Como o comediante Volodymyr Zelensky se transformou no desafiador e herói da resistência da Ucrânia à Rússia na luta desigual contra o poderio da máquina de guerra de Putin.

No avanço para a batalha na Ucrânia, as forças russas marcaram os equipamentos de guerra com uma única letra com o significado do seu objetivo. Houve diferentes interpretações da letra “Z” – usada em veículos militares russos – e uma é a de que representa a primeira letra de “Za pobedy“, que em russo significa “Pela vitória”. Mas, para outros, que viram o presidente ucraniano Volodymyr Zelensky descrever-se como o “alvo número um” da Rússia, o gigante “Z” parece confirmar que derrubar Zelensky está, antes de tudo, na mente de Vladimir Putin.

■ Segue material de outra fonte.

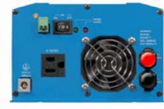
Phoenix Inverter 12/800 with Nema 5-15R socket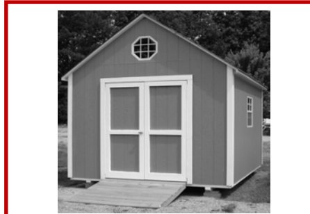
Alpine- 9/12 Pitch Cottage Shed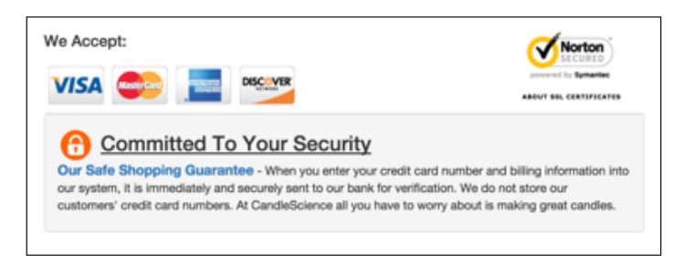
CandleScience.com provides assurance that the consumer's financial information is never stored.

Around 18 percent of shopping cart abadonment instances are due to a lack of confidence in security. Adding a security badge to the checkout page can instill trust in a shopper who might be fearful of data theft and the security of your site.

Fora da Ucrânia, Zelensky tornou-se a figura de proa global e o foco da resistência ucraniana, algo sublinhado pela recente decisão do parlamento britânico de pedir ao presidente ucraniano que se dirigisse a parlamentares na Câmara dos Comuns por videoconferência. O caminho de Zelensky até ao poder não poderia ser mais diferente do que o homem que o persegue. Putin subiu na hierarquia da KGB para construir a sua base de poder sob a liderança caótica do ex-presidente russo Boris Yeltsin. Enquanto isso, o presidente ucraniano, de 44 anos, casado e pai de duas crianças, agora abraçado pelo mundo e em casa como heroico líder de guerra, foi antes comediante e ator de cinema com imenso sucesso – tendo elevado a estrela o papel do homem comum.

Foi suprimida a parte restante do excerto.